Neural Architecture Search (my thesis, slides)
For the non-expert readers that are curious about Neural Architecture Search (NAS), I propose here an unambiguous analogy :
Suppose that God's apprentices would like to have a personal chef and decide to create it. To do so, they need to
assemble parts of the human body into a human puppet, which will be
trained to cook.
Considering all possible layouts of the body sections, they try a first idea and place the hands on top of the head.
After several hours of training, they observe, quite embarrassed, that their puppet is incapable of cooking the simplest recipes. One apprentice suggests that this failure might be linked to the puppet's inability to see its actions while using its hands.
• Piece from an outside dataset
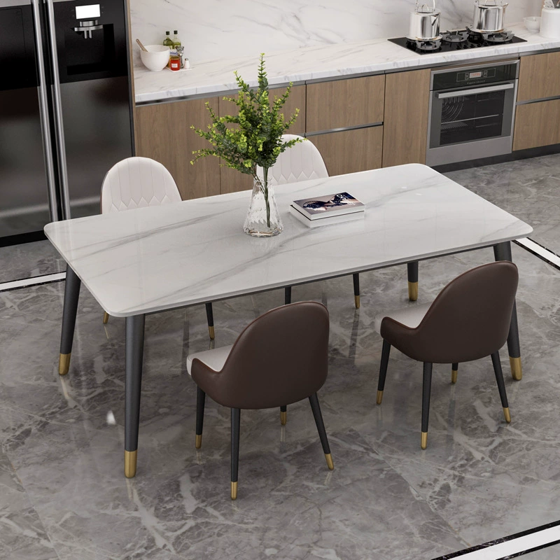 Đồ nội thất có thể tùy chỉnh căn hộ nhỏ hộ gia đình hình chữ nhật bàn ăn bằng đá cẩm thạch và ghế kết hợp bàn ăn bằng đá phiến đá sang trọng - Bộ đồ nội thất

Considering this remark, they decide to revise the joining of the puppet and restart the training...
Replace the action
assemble the parts of the human body by
construct the architecture of a neural network, and the apprentices become a computer program of some researchers in the NAS field.
In this analogy, we recognize a well-known optimization process called trial and error that, in NAS, is the repetition of the following :
build an architecture, train it, and evaluate its performance. However, this way of proceeding distinguishes the search of the architecture from the training of the architecture itself, and is by construction time demanding because it requires training multiple architectures.
An alternative would be to jointly optimize the architecture and its weights, that is, we would construct the chef and train it to cook at the same time.
Such NAS techniques exist and they are called
one-shot methods. In fact, they are called like that because, inversely to the latter optimization procedure, only one architecture is trained during the overall search.